■ Problem details
Output the listing below verbatim, but drop the images.

═════ Information supplied

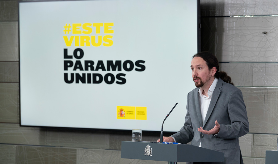 El vicepresidente segundo del Gobierno y ministro de Derechos Sociales y Agenda 2030, Pablo Iglesias, ha manifestado que las medidas de restricción de movimientos y de suspensión de las actividades laborales sólo serán viables si desde las instituciones del Estado se ofrece seguridad y protección a la ciudadanía.
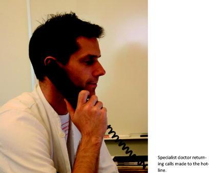 Telephone hotlines are a well-known phenomenon in addiction counselling, suicide prevention and domestic violence prevention and are often based on the work of volunteers and private organizations (Danish examples include Kræftens Bekæmpelse, "Stop-nu", "Livslinjen", etc). The use of hotlines within the established health care services is less common. In Australia, telephone- or radio-based contact to medical help has developed out of necessity due to the vast distances between people. Phillips et al [5] described how the implementation of a nurse-managed telephone support service in palliative care is feasible and appreciated especially by the local health care professionals seeking advice. In our study, a nurse or secretary received the call, but the actual telephone consultation was with a specialist doctor and if possible the same doctor as the patient saw at their previous hospital visit.
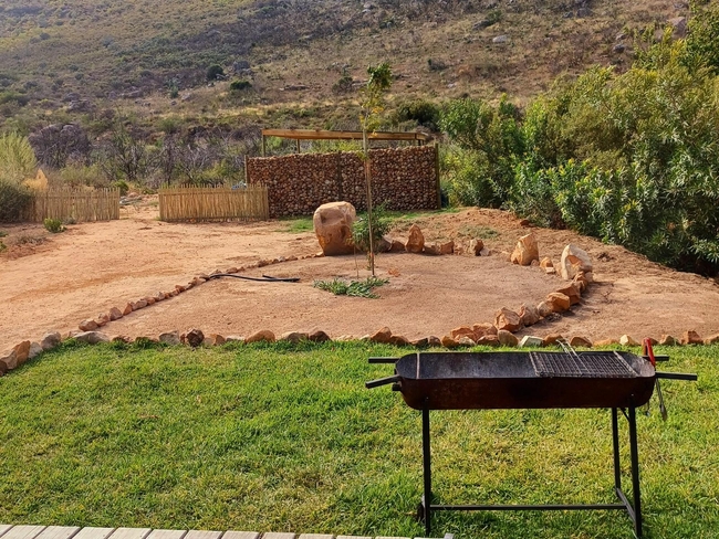 Outdoors, a deck with seating, a braai and firepit, and a terrace overlooking the garden invite guests to relax and enjoy the natural surroundings. The cabin is entirely non-smoking, offering a peaceful retreat that respects the environment.

══════════

■ Exercise result
 El vicepresidente segundo del Gobierno y ministro de Derechos Sociales y Agenda 2030, Pablo Iglesias, ha manifestado que las medidas de restricción de movimientos y de suspensión de las actividades laborales sólo serán viables si desde las instituciones del Estado se ofrece seguridad y protección a la ciudadanía.
 Telephone hotlines are a well-known phenomenon in addiction counselling, suicide prevention and domestic violence prevention and are often based on the work of volunteers and private organizations (Danish examples include Kræftens Bekæmpelse, "Stop-nu", "Livslinjen", etc). The use of hotlines within the established health care services is less common. In Australia, telephone- or radio-based contact to medical help has developed out of necessity due to the vast distances between people. Phillips et al [5] described how the implementation of a nurse-managed telephone support service in palliative care is feasible and appreciated especially by the local health care professionals seeking advice. In our study, a nurse or secretary received the call, but the actual telephone consultation was with a specialist doctor and if possible the same doctor as the patient saw at their previous hospital visit.
 Outdoors, a deck with seating, a braai and firepit, and a terrace overlooking the garden invite guests to relax and enjoy the natural surroundings. The cabin is entirely non-smoking, offering a peaceful retreat that respects the environment.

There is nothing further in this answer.